14. The method according to claim 13 wherein said base builder bead
comprises by weight from about 50 to 70 percent phosphate builder
salt.
15. The method according to claim 12 wherein the weight ratio of
hydrated phosphate builder salt to alkali metal silicate in the
crutcher mix and in the base bead is about 2 to 4; and the weight
ratio of hydrated phosphate builder salt to anhydrous phosphate
builder salt in the crutcher mix and in the base bead is from about
0.4 to about 0.6.
16. The method of claim 12 further including the steps of heating
said hydrated slurry to a temperature from about 170.degree. F. to
about 200.degree. F.
17. The method of claim 12 further including the addition of water
to said hydrated slurry.
18. The method of claim 12 wherein said hydrating step is performed
at a temperature suitable for hydrating said first quantity of
phosphate builder salt and said slurry is raised to a temperature
that would inhibit hydration of said second quantity of phosphate
builder salt.
19. The method of claim 12 wherein the weight ratio of said first
quantity of said phosphate builder salt to said alkali metal
silicate is about 2 to about 4.
20. The method of claim 12 wherein said crutcher mix contains from
about 40 to about 55 percent solids.
21. The method of claim 12 wherein said spray drying takes place in
a countercurrent spray tower at a spray pressure from about 200
psig to about 1000 psig and an inlet air temperature from about
500.degree. F. to about 700.degree. F.
22. The method claim 12 including the addition of up to 10 percent
by weight based on the crutcher solids, of builder salts chosen
from the group consisting of carbonates, citrates and silicates
having detergent building properties or combinations thereof.

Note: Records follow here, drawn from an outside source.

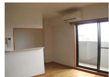
※室内写真は102号室となります。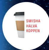
SWISHA HALVA KOPPEN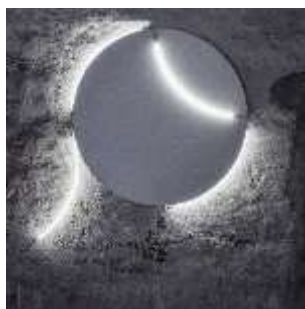
8. François Morellet Décrochage N° 6, 2006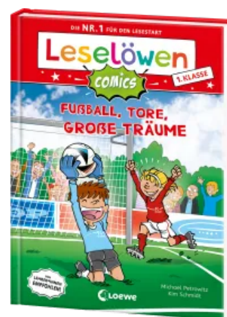
Leselöwen Comics 1. Klasse - Fußball, Tore, große Träume Hardcover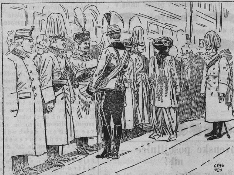
Ankunft des deutschen Kronprinzenpaares in Wien.

Nemški prestolonaslednik in njegova žena sta bila več mesecev na potovanju. Zdaj sta prišla zopet nazaj. Pri temu sta se pa pripeljala tudi čez Dunaj, kjer sta našega cesarja obiskala. Naša slika kaže sprejem prestolonaslednika in soprage na južnem kolodvoru na Dunaju. V ozadju vidimo bodočo nemško cesarico poleg našega cesarja. Spredaj pa stojijo avstrijski nadvojvode v pogovoru z nemškim prestolonaslednikom, kareri je v huzarski uniformi.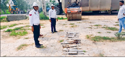
फतेहाबाद। जब्त किए गए साइलेंसर नष्ट करते ट्रैफिक पुलिस कर्मचारी।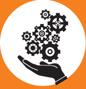
Makine - İmalat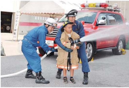
▶火の的にめがけて放水

会場の市消防本部屋外では、レスキュー体験やポンプ車放水体験、ミニ消防車周回体験、ロープ結索体験などがあり、防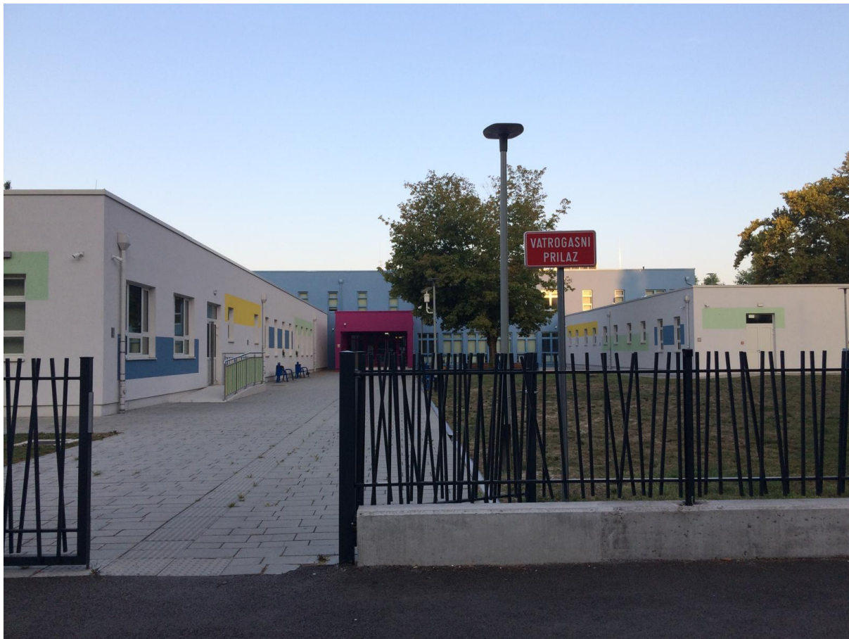
Sl. 2. OŠ Jure Kaštelana (fotografirano 16. 8. 2024.)

naveden broj specijaliziranih učionica i kabineta za geografiju i povijest. Škola raspolaže sa 103 stolna i 52 prijenosna računala. Godišnji plan i program ove škole nije javno dostupan. Škola ima jednu učionicu za geografiju i povijest te jedan kabinet za geografiju i povijest.

23. A method for the production of a free flowing granular product
including from about 2 to about 40 percent by weight of a liquid or
liquifiable organic material suitable for incorporation into a
detergent formulation comprising:
(a) hydrating a first quantity of anhydrous sodium tripolyphosphate
in the presence of a quantity of sodium silicate to form an aqueous
slurry;
(b) said hydrating step being performed in an aqueous medium and at
a temperature of at least about 140.degree. F. and not greater than
about 170.degree. F.;
(c) the weight ratio of said first quantity of anhydrous sodium
tripolyphosphate to said sodium silicate being from about 1.5 to
about 5;
(d) raising the temperature of said slurry to more than about
170.degree. F. and less than about 200.degree. F.;
(e) adding a second quantity of anhydrous sodium tripolyphosphate
to said slurry to form a crutcher mix, the weight ratio of said
first quantity of sodium tripolyphosphate to said second quantity
of sodium tripolyphosphate being from about 0.3 to about 0.7;
(f) supplying said crutcher mix to a spray drying tower;
(g) said slurry and said crutcher mix being maintained at
temperatures of at least about 170.degree. through steps (e) and
(f);
(h) spraying said crutcher mix in said spray tower to produce spray
dried base beads; and
(i) applying said organic material to said base beads in an amount
to produce a free flowing granular product.

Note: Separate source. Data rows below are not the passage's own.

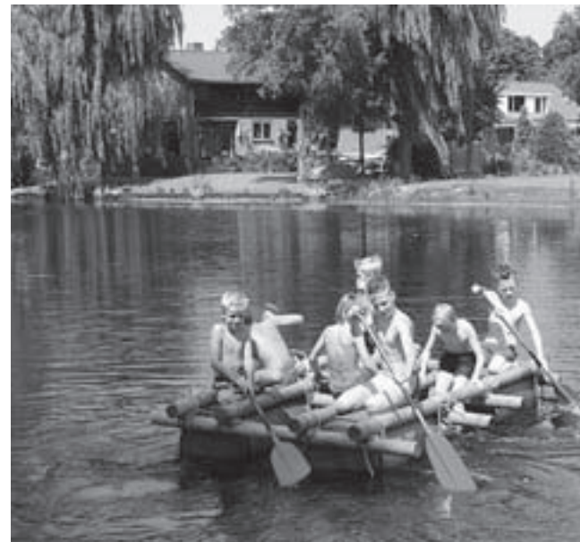
Vloten bouwen is één van de activiteiten bij de Jeugdvakantiecocktail.

Castricum - Op maandag 21 juni gaat de inschrijving van start voor de Jeugdvakantiecocktail georganiseerd door de Stichting Welzijn Castricum.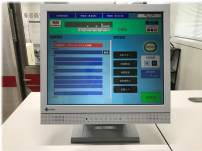
タッチパネルで簡単操作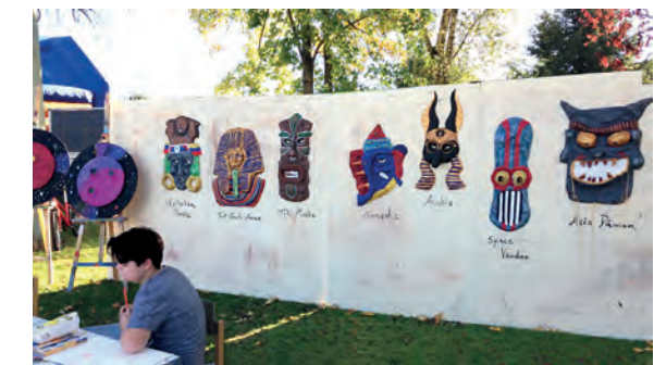
Die Masken-Objekte aus dem Herbst-Workshop auf dem Regionalmarkt Flammersfeld.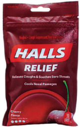
기침 캔디, Halls® 수량: 25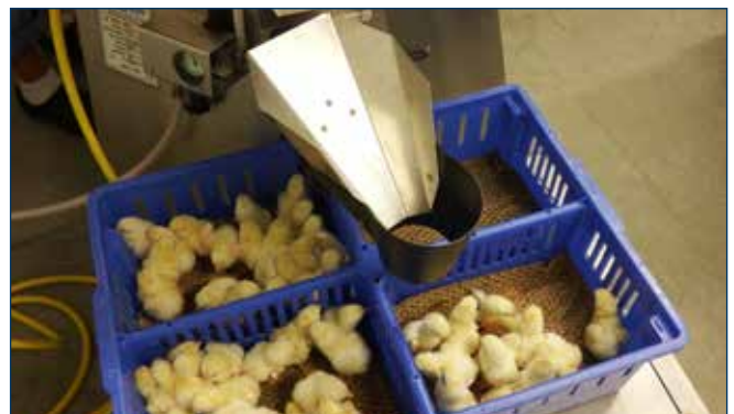
Figura 2. El Procesador de Servicio Avícola (PSP) de Nova-Tech clasifica las aves en las cajas.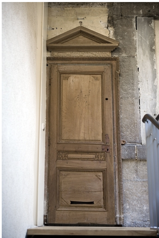
Détail de la porte d'entrée du logis secondaire.

25, Besançon Grande Rue 80, lieudit : îlot Terrier de Santans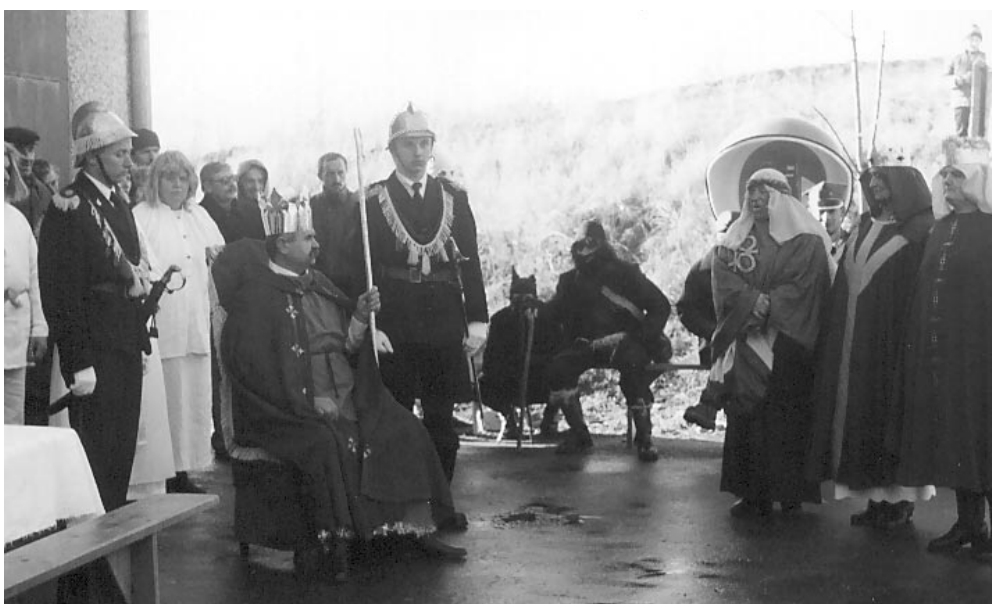
Król Herod przyjmuje Trzech Króli.

Drugą grupą kolędniczą, która występowała również dla tego samego gospodarza były "Herody" z Godziszowa w województwie lubelskim. Starodawnym obyczajem po zakończeniu kolędowania gospodarz zaprosił wszyst-

24. A method for producing a free flowing particulate detergent
composition containing from about 10 to 40 percent by weight of a
liquid or semi-solid nonionic detergent material comprising the
step of treating the builder beads prepared in accordance with the
process of claim 12 by applying said nonionic detergent onto said
beads such that said nonionic detergent impregnates said beads.
25. The method of claim 24 wherein said base builder beads comprise
from about 45 to about 80 percent by weight phosphate builder salt;
from about 5 to about 15 percent alkali metal silicate solids and
from about 5 to about 15 percent water and said nonionic is present
in an amount of from about 12 to about 25 percent by weight.

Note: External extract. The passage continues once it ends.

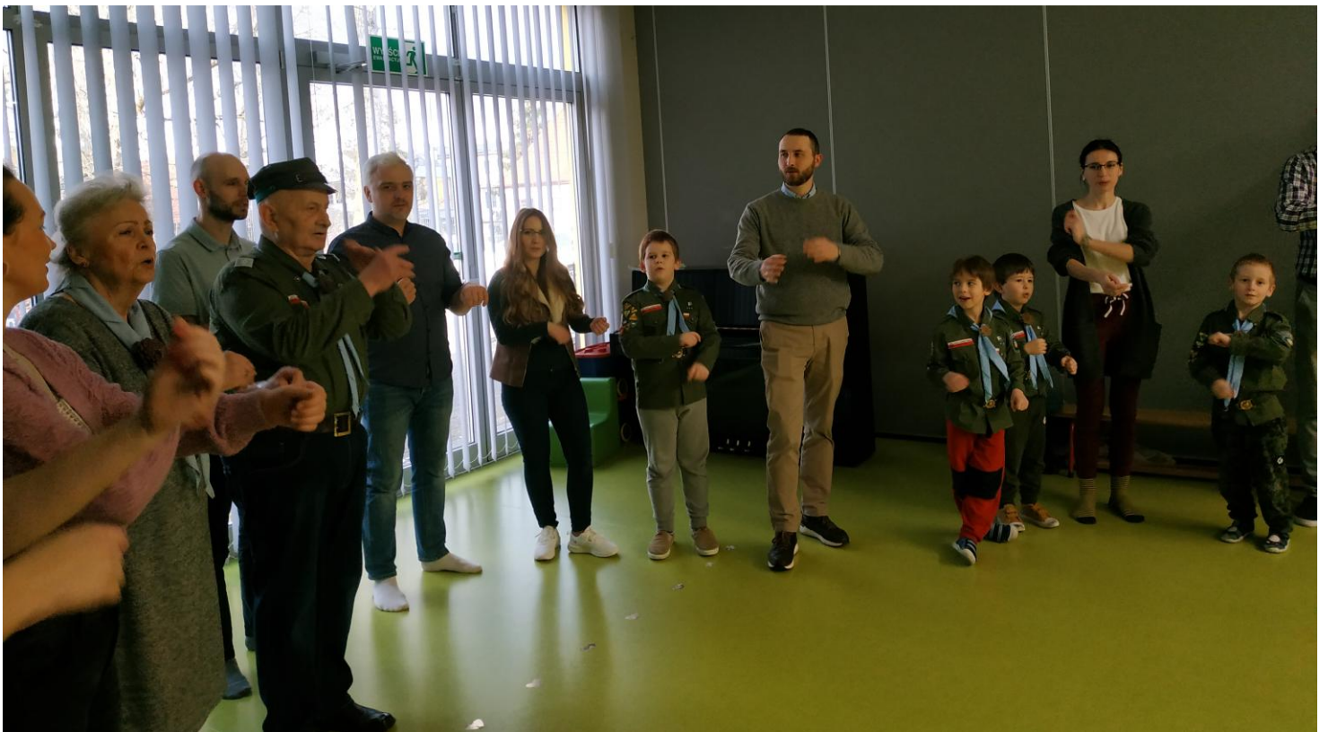
„Zebrał cudną Jaś kapekę ...”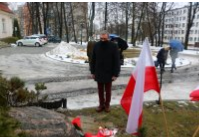
• 76. rocznica powrotu dzieci z Poltulic

26. The method of claim 24 wherein said builder beads are
substantially free from organic surface active agents.
27. The method of claim 24 wherein said applying step includes
spraying said nonionic detergent material onto said builder beads
while they are being agitated.
28. The method according to claim 1 wherein subsequent to hydration
of said phosphate said aqueous slurry is heated to a temperature of
from about 170.degree. F. to about 200.degree. F., which is
followed by the addition of said second quantity of said anhydrous
phosphate builder salt to said heated aqueous slurry.
29. A method according to claim 28 which further includes addition
of water to said heated slurry.
30. A method according to claim 1, 12, 18 or 28 wherein said second
quantity of builder salt is added in two portions to said
slurry.
31. A method according to claim 2, 17 or 29 wherein said second
quantity of builder salt is added in two portions to said
slurry.
32. A method according to claim 31 wherein said water and said two
portions of second quantity of builder salt are added in the
sequence: salt, water, salt.
33. A method according to claim 30 wherein said two portions of
builder salt are equal.
34. A method according to claim 31 wherein said two portions of
builder salt are equal.
35. A method according to claim 32 wherein said two portions of
builder salt are equal.
36. A method according to claim 1, 12, 18 or 28 wherein said
anhydrous phosphate builder salt is a sodium or potassium phosphate
salt, said phosphate being selected from tripolyphosphate, tribasic
phosphate, dibasic phosphate, monobasic phosphate, dibasic
pyrophosphate or pyrophosphate.
37. A method according to claim 1, 12, 18 or 28 wherein said
builder salt is pentasodium tripolyphosphate.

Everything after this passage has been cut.